Lunes, 29/08/2011 (1)

A las siete han sonado un par de alarmas en el albergue Montana Vandrerhjem. Ya estaba despierto. He dormido bien, pero que haya tanta gente en la misma habitación… y eso que ninguno roncaba seriamente. Vuelvo a bajar de la litera dejándome los pies en el intento. ¿Por qué ponen los peldaños de las literas como tubos de madera? La gente deja los zapatos abajo y los tubos se clavan en la planta de una forma muy dolorosa.

No hay nadie en recepción hoy tampoco cuando bajamos, pero sí está el desayuno. Más fiambre y quesos. Hoy no hay huevos, pero sí yogurt casero. Eso pone el cartelito. Se les ha ido un poco la mano y está demasiado ácido, aunque nada que una buena cantidad de azúcar no pueda arreglar.

Al salir del comedor le pedimos a la de recepción que nos reserve esta noche en el albergue de Flåm. Ningún problema. Después de hablar un poco entre ellas le pasa el teléfono a Sara para que se pongan de acuerdo.

Tienen habitación doble con baño dentro. Casi me da igual lo que cueste. Después de dormir en un dormitorio de 18, una privada con baño es un sueño. Son algo más de 700 NOK, casi cien euracos. Nos la quedamos. Ya escribiremos a los de Voss diciéndoles que no podemos ir. Le ha dicho a Sara que si llegamos después de las seis que le llamemos. La idea es visitar Bergen y llegar a Flåm en tren desde Myrdal después de haber parado en Voss. Será imposible que lleguemos antes de las seis. La del albergue dice que el último tren llega antes de las siete. Más prisa para verlo todo, aunque ayer nos pareció que había hasta más tarde.

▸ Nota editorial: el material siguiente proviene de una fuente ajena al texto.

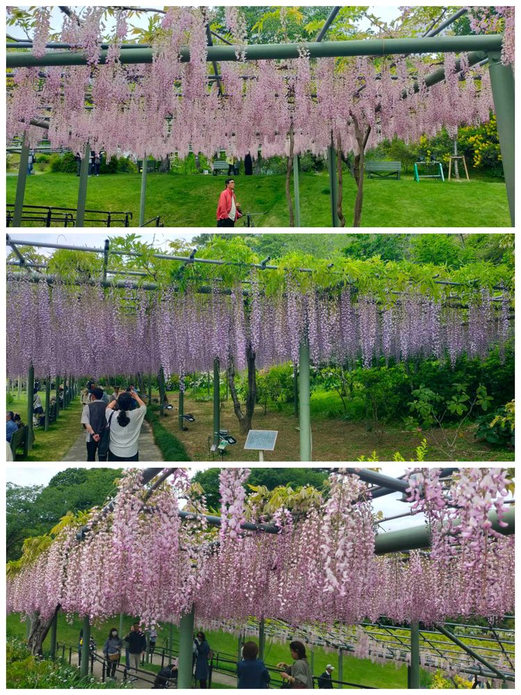 藤色の長いトンネル、ピンクのトンネル、藤色&白&ピンクMIXトンネル、あちこちに白藤が植えられていてうっとりしました😍

La parada del autobús para el centro es la misma en la que nos bajamos ayer. No sabemos si habrá otra, lo que nos obliga a preguntar al conductor cuando llega. Es la misma parada para la ida y para la vuelta.  No para exactamente en la estación de tren, pero lo bastante cerca como para que no merezca la pena coger otro. Aquí el billete también dura para una hora y media. Tenemos que rodear el lago Lungegårdsvannet para llegar.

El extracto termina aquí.